━━ Input ━━

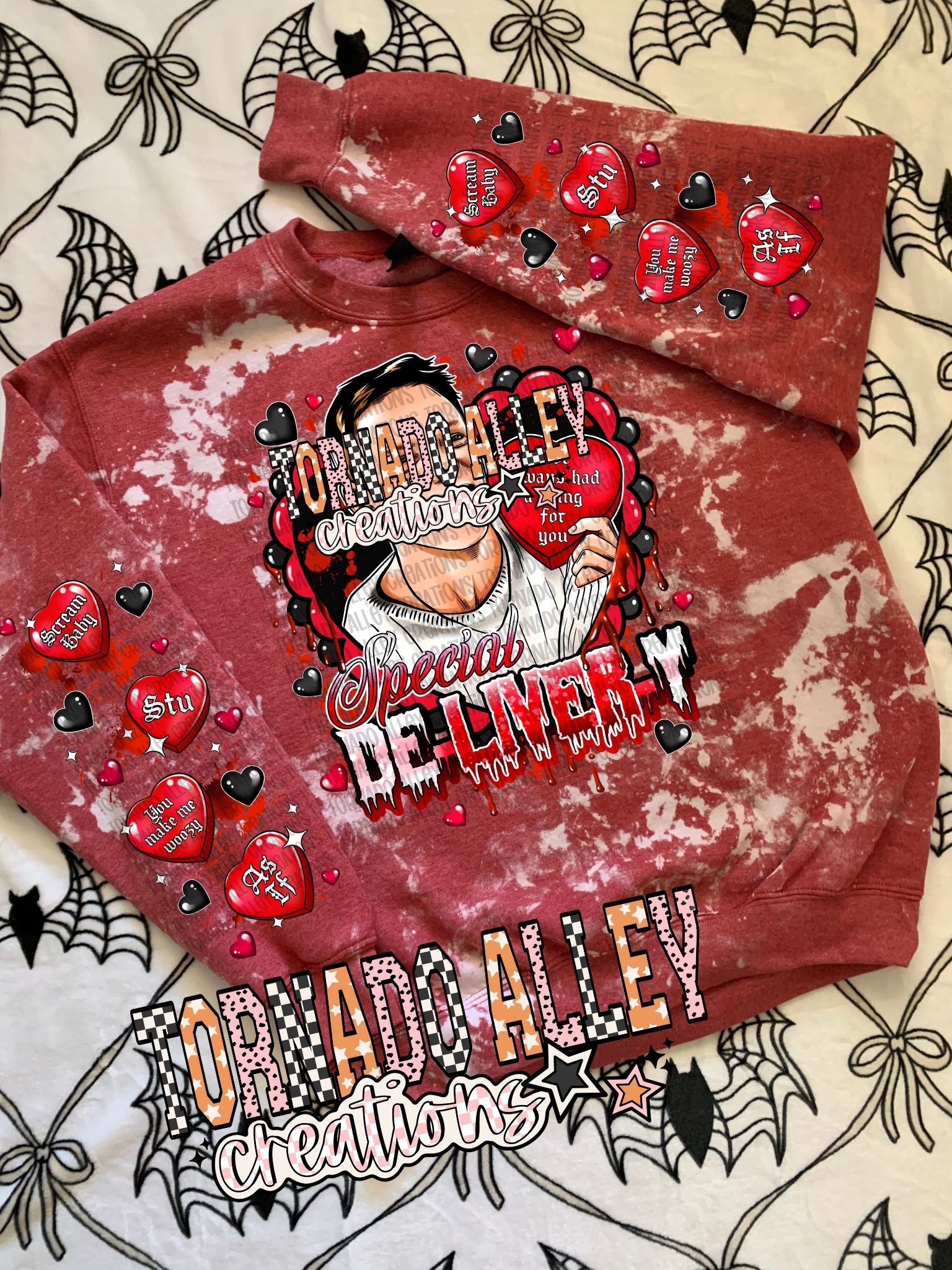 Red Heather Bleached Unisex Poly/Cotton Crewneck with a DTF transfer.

━━━
━━ Input ━━

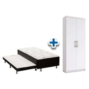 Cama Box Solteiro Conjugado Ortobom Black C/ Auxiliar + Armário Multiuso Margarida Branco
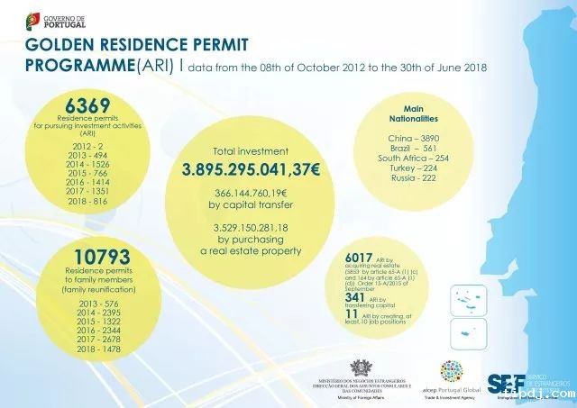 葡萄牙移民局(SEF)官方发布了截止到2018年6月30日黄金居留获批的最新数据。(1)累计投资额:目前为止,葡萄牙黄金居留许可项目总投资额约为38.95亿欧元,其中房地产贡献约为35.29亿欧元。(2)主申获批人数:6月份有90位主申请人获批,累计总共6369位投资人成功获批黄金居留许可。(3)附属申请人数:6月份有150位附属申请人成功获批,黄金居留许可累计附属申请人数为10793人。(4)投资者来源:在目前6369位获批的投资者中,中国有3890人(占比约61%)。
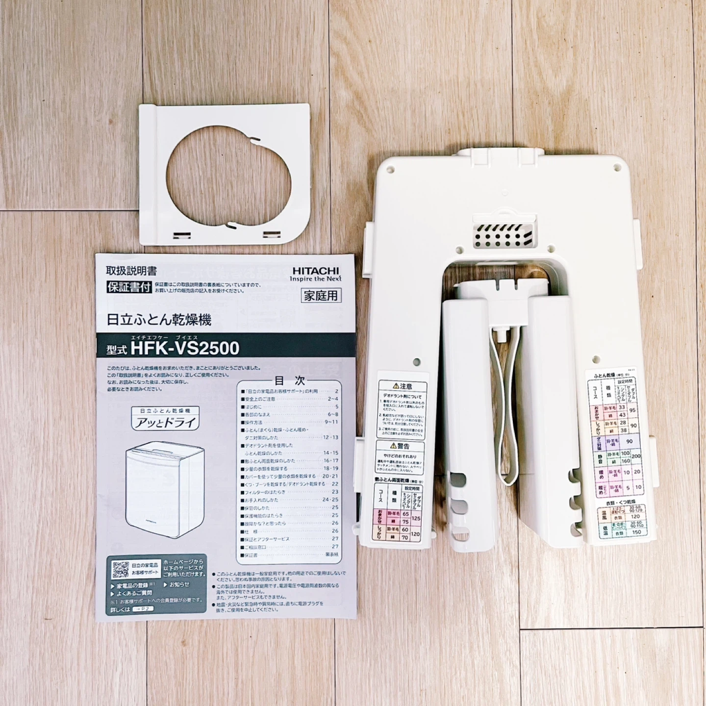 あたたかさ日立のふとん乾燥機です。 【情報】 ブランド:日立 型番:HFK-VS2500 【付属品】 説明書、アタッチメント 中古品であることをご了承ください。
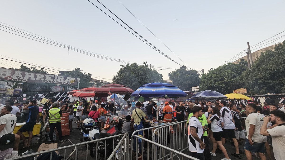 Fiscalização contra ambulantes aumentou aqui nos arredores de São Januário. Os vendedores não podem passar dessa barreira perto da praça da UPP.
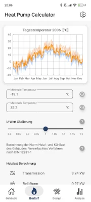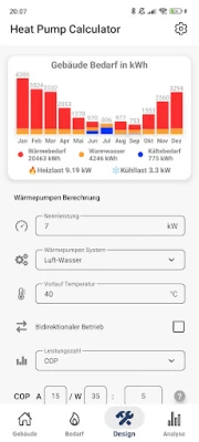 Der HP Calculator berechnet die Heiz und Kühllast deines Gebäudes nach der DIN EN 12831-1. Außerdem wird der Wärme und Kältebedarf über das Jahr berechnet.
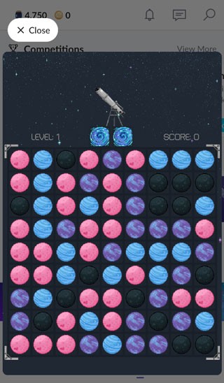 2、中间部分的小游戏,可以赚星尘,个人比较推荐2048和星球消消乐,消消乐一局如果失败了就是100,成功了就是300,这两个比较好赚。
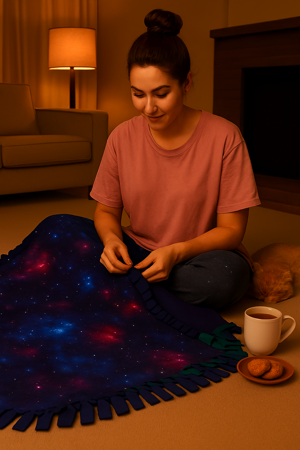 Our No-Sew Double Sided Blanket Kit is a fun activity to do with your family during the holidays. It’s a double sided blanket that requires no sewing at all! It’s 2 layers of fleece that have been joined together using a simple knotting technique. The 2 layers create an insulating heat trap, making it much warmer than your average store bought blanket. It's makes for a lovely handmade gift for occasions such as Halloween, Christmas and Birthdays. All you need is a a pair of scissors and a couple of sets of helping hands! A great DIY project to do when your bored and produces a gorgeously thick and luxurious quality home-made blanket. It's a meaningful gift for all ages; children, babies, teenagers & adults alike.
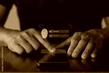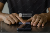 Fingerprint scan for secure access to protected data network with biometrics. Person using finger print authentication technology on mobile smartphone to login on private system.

━━━

Among the entries above, copy exactly the stretch from the line holding "Der HP Calculator" through the line holding "Fingerprint scan for", leaving out any pictures.

• **Written response**
 Der HP Calculator berechnet die Heiz und Kühllast deines Gebäudes nach der DIN EN 12831-1. Außerdem wird der Wärme und Kältebedarf über das Jahr berechnet.
 2、中间部分的小游戏,可以赚星尘,个人比较推荐2048和星球消消乐,消消乐一局如果失败了就是100,成功了就是300,这两个比较好赚。
 Our No-Sew Double Sided Blanket Kit is a fun activity to do with your family during the holidays. It’s a double sided blanket that requires no sewing at all! It’s 2 layers of fleece that have been joined together using a simple knotting technique. The 2 layers create an insulating heat trap, making it much warmer than your average store bought blanket. It's makes for a lovely handmade gift for occasions such as Halloween, Christmas and Birthdays. All you need is a a pair of scissors and a couple of sets of helping hands! A great DIY project to do when your bored and produces a gorgeously thick and luxurious quality home-made blanket. It's a meaningful gift for all ages; children, babies, teenagers & adults alike.
 Fingerprint scan for secure access to protected data network with biometrics. Person using finger print authentication technology on mobile smartphone to login on private system.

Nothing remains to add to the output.